[Excerpts from a dataset]
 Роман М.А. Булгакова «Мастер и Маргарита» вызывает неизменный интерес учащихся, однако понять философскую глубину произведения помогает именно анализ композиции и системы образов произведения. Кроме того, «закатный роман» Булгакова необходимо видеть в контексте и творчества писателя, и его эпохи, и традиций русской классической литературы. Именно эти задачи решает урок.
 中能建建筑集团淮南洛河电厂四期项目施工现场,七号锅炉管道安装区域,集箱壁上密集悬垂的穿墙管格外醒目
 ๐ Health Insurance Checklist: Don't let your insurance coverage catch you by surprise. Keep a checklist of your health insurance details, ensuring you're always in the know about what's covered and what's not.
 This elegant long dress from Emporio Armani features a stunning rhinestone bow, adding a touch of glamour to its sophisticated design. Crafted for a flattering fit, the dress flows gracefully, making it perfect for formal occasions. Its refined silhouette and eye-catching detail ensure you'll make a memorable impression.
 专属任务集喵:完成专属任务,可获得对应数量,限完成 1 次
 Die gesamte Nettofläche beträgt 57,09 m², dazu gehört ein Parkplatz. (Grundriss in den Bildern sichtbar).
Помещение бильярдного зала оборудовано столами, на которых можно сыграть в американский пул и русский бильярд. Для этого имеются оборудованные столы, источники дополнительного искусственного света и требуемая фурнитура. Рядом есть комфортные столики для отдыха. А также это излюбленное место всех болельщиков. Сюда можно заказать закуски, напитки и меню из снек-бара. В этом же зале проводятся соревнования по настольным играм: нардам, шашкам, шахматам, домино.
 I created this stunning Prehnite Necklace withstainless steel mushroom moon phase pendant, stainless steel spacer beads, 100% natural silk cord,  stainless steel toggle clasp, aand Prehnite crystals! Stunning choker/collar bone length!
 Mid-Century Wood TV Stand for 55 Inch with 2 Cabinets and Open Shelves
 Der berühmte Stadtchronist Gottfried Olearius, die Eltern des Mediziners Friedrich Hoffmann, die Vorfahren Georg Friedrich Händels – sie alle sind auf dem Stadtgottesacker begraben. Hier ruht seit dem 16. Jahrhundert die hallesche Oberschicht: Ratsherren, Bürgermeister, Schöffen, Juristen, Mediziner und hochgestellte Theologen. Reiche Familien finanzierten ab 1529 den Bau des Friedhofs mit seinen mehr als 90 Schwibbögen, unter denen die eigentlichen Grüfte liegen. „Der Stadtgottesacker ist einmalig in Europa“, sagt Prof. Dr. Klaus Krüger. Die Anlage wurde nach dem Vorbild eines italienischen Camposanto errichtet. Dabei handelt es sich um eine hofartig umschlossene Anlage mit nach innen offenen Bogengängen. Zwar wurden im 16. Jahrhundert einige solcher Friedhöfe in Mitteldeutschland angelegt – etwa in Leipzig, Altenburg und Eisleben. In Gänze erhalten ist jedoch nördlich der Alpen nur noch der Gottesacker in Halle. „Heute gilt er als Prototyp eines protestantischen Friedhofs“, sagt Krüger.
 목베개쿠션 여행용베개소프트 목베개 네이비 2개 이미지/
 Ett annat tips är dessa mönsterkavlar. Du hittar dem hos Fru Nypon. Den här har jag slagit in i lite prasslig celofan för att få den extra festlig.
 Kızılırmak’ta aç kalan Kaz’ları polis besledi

- **What you are asked to do**
Return every line above where "stunning" appears.

- **Response box**
 This elegant long dress from Emporio Armani features a stunning rhinestone bow, adding a touch of glamour to its sophisticated design. Crafted for a flattering fit, the dress flows gracefully, making it perfect for formal occasions. Its refined silhouette and eye-catching detail ensure you'll make a memorable impression.
 I created this stunning Prehnite Necklace withstainless steel mushroom moon phase pendant, stainless steel spacer beads, 100% natural silk cord,  stainless steel toggle clasp, aand Prehnite crystals! Stunning choker/collar bone length!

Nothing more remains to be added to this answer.